Market whiplash has been the name of the game, and the Cboe Volatility Index (VIX) backed that up, spiking above 26 intraday last week—a level that’s been a rarity outside the pandemic-era chaos of 2020-2022. If there’s one thing traders can count on right now, it’s that volatility is here to stay.

Meanwhile, across the Atlantic, Germany threw out its fiscal playbook and dropped a historic spending bombshell—up to 20% of GDP in support. That sent German stocks soaring, bond yields spiking, and eurozone growth forecasts moving north. The divergence between Wall Street and Europe widened throughout the week before cooling off on Friday, but this transatlantic economic gap isn’t going away anytime soon.

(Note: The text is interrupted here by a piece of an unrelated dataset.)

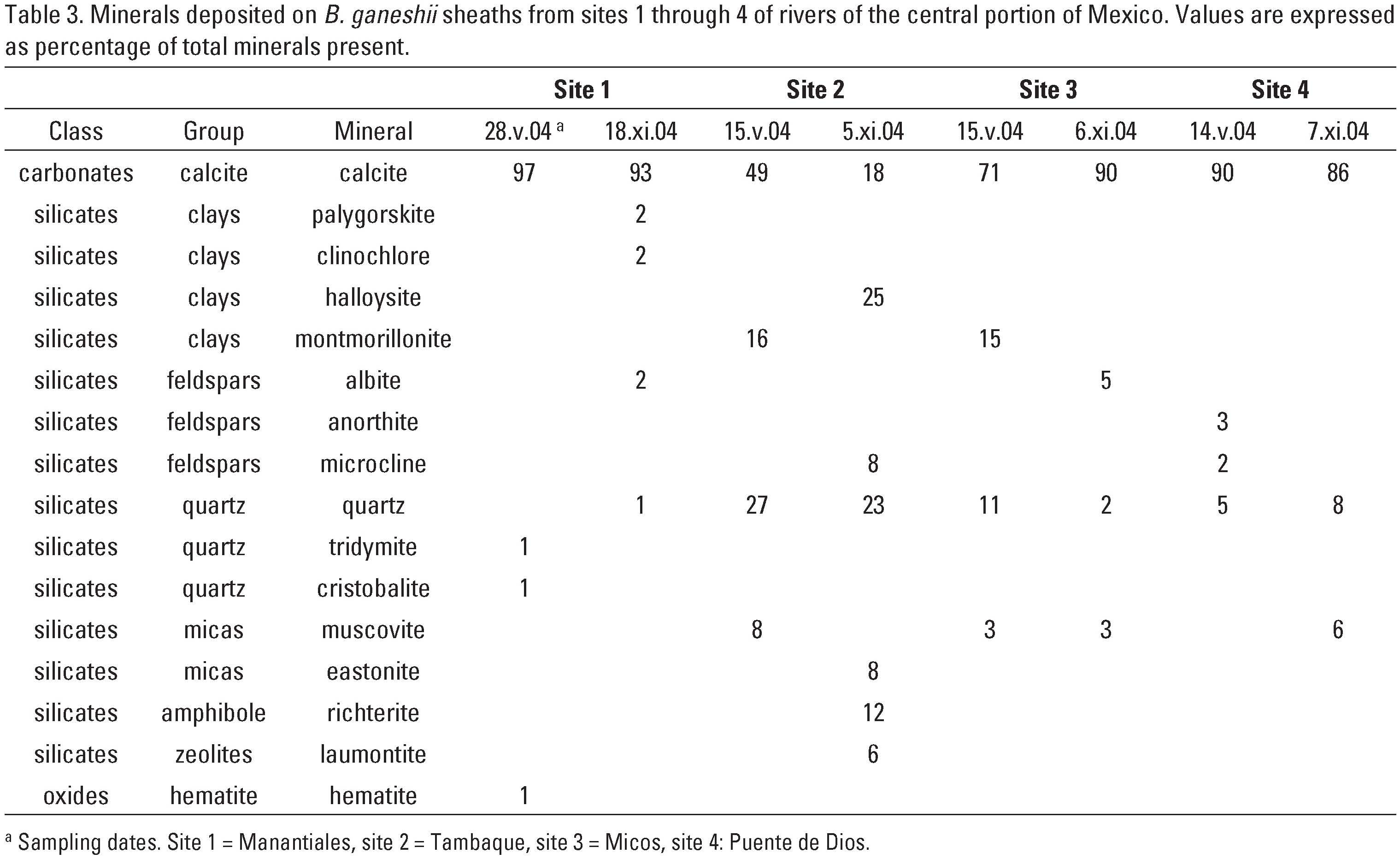 X-ray diffraction showed a high number of minerals (carbonates, silicates and oxides) deposited on B. ganeshii sheaths (Table 3). XRD analyses indicated that calcite was the only phase of CaCO3 present in readily detectable amounts at all sites. Sites 1, 3 and 4 had the highest proportion of calcite (average = 95, 81 and 88%, respectively). A temporal variation in precipitate minerals around the sheaths was recorded in all sampling sites. A comparison among seasons showed that major calcification occurred in the dry season, when higher SI values were found, except in site 3, which had a negative SI value.

And let’s not forget China’s latest five-year plan—5% growth, fueled by government spending that will push the budget deficit to a record 4% of GDP. Fiscal policy is doing the heavy lifting everywhere except in the U.S., where uncertainty around tariffs and trade policy continues to dominate the conversation.

It was a chaotic week—German fiscal fireworks, U.S. recession rumblings, Wall Street’s rollercoaster ride, and a fresh round of geopolitical uncertainty. Strap in, I suspect this week won’t be much quieter.

FOREX MARKETS

Trade war fears are ringing recession alarm bells across global markets, and for good reason. The uncertainty surrounding tariffs and retaliatory measures is rippling supply chains, squeezing corporate margins, and making businesses think twice before expanding or hiring. Hence, the best recession defence in the global economic tumult could be the long yen trade as Japanese funds and the retail army repatriate funds against an increasingly grimmer global outlook.

COMMODITIES

Over in commodities, crude oil is on the ropes, posting its seventh straight weekly decline as supply concerns overshadow demand optimism. Meanwhile, gold shined as a safe-haven play, climbing for the week as traders sought refuge from the market storm. When uncertainty reigns, gold tends to have the last laugh.